In contrast, bonds emerged as the only asset class to outperform its index. At a press conference, CDPQ’s president and CEO, Charles Emond, expressed surprise at the results but noted that many pension plans faced similar challenges. “Yes, it’s surprising when you look at it,” Emond remarked, indicating that the performance was a common issue across the industry.
Emond emphasized the importance of diversifying the Caisse’s portfolio to mitigate risks and adapt to varying market cycles. He stated, “That’s what we’re aiming for so the plans stay healthy every year.” He highlighted that investments in energy sectors, particularly those benefiting from the recent surge in enthusiasm for artificial intelligence, contributed positively to benchmark returns in infrastructure. In contrast, the Caisse’s approach focused on broader diversification to reduce volatility.
Long-Term Performance and Portfolio Adjustments
Despite the recent shortfall, the Caisse has outperformed its benchmark over longer time frames. Over the past five years, the institution recorded an annual return of 6.5 percent, compared to 6.2 percent for the benchmark. This trend continued over ten years, with the Caisse achieving an annual return of 7.2 percent, exceeding the index’s 6.9 percent return.
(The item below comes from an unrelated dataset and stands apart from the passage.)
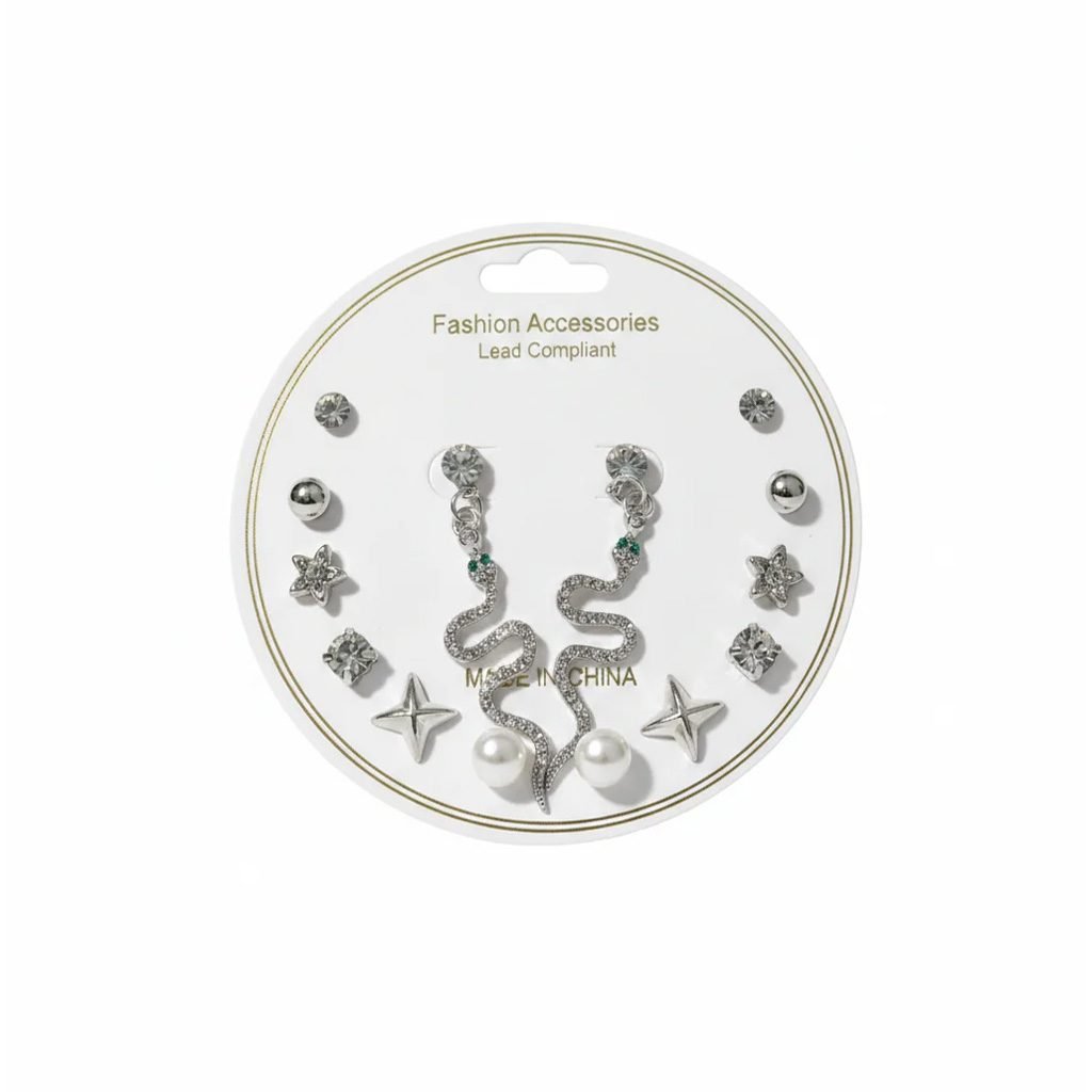 • طقم يضم عدة أزواج من الحلقان بأشكال مختلفة مثل النجمة والحجر واللؤلؤ والثعبان.

The real estate sector remains a notable area of concern, with the Caisse’s portfolio yielding only a 0.2 percent return against a benchmark of 1.8 percent. Emond acknowledged that the industry has been undergoing significant transformation over the past five years, prompting the Caisse to make nearly $50 billion in adjustments to its portfolio to better align with market demands.
The transition included a strategic shift away from property management, which Emond described as “a completely different business from being an investor.” The integration of its real estate subsidiary, Ivanhoé Cambridge, has now reached completion, marking 2025 as the first full year of this new structure. “What I wanted to see was progress, and we saw it,” Emond stated regarding this transition.
Operational Efficiency and Asset Management
In addition to the return on investments, the Caisse reported a decrease in operating expenses, which fell to 0.21 percent in 2025, down from 0.23 percent in 2024 and 0.26 percent in 2023. As of December 31, 2025, the Caisse managed assets totaling $517 billion, reflecting its ongoing commitment to financial stability and growth.
The release of this report underscores the Caisse’s challenges in a fluctuating market environment while also highlighting its strategic focus on long-term performance. The leadership’s proactive measures and commitment to adapting the portfolio position the institution for recovery and future growth.